I know this question is very similar to many asked but I have looked and could not find an exact match.
I have an integral formula which I know to be true, for all $\epsilon \in [0,h)$ for some $h \in \mathbb{R}$:
$$\int_Kf_{\epsilon}(x)d\mu(x) = Pf_\epsilon(k)$$
Where:
- $P$ is some constant,
- $\{f_\epsilon\}_{\epsilon \in [0,h)}$ is some set of functions (all defined on the same domain, denote the domain $D$)

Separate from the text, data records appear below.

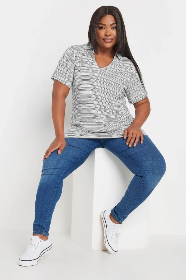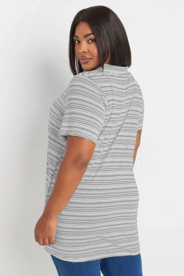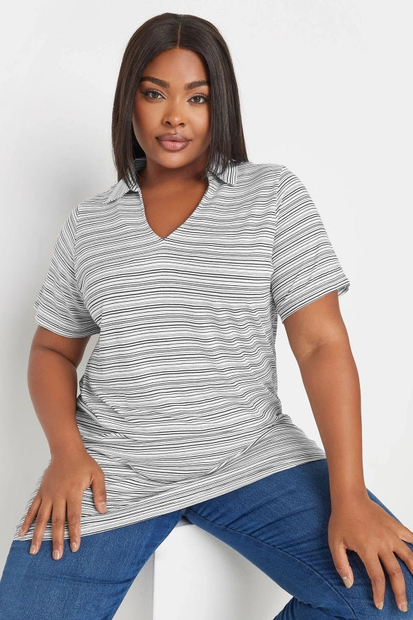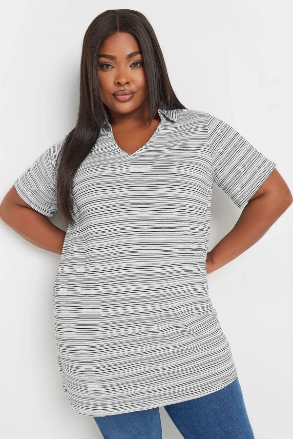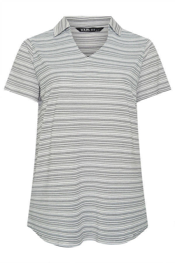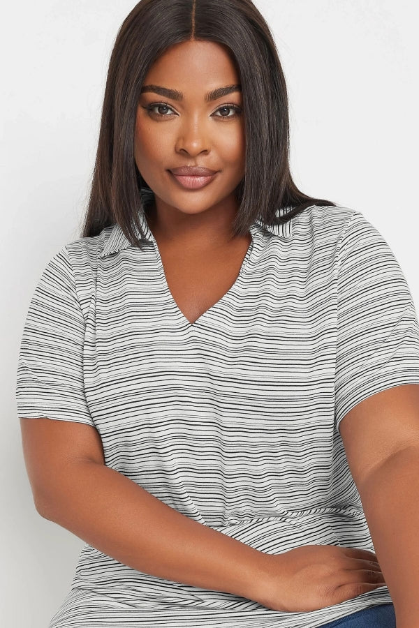 Büyük Beden Kısa Kol V Gömlek Yaka Çizgili Bluz 303436
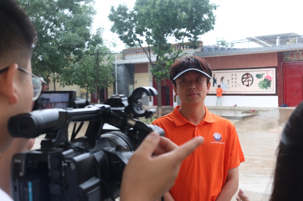 與此同時,白水縣融媒體中心的記者也于7月16日來到墻繪現(xiàn)場,隊長張聰向來訪記者詳細介紹了墻繪活動的創(chuàng)意來源、主題構(gòu)思、創(chuàng)作進度以及團隊成員在創(chuàng)作過程中的付出與收獲等內(nèi)容。
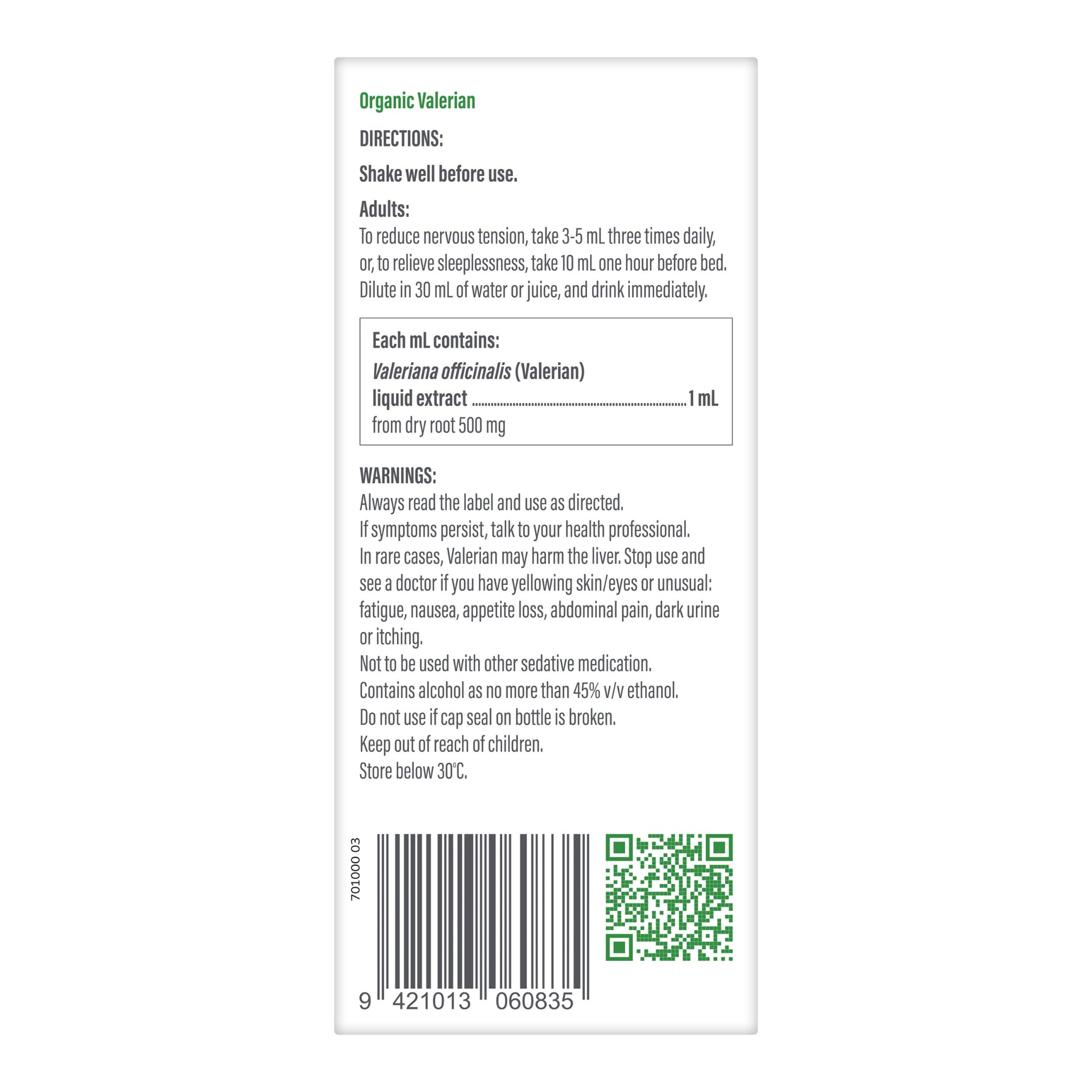 Organic Valerian can be taken during the day to calm tension or before bed to aid a good night's sleep.

- $k$ is some constant in $D$
- $K$ is some (not necessarily compact) subset of $D$
- $\mu$ is some measure.
I also know that $f_\epsilon(k)$ is continuous with respect to $\epsilon$ over $(0,h)$.
Define $\hat{f}(y)$ by; for all $y \in D$:
$$\hat{f}(y) = \lim_{\epsilon \to 0} f_\epsilon(y)$$
$\hat{f}(k)$ might not equal $f_0(k)$ but is always finite. My question is; does it follow that:
$$\int_K\hat{f}(x)d\mu(x) = P\hat{f}(k)$$
And if not, under what conditions does it fail? Would anyone be able to give me an example?
Thank you in advance!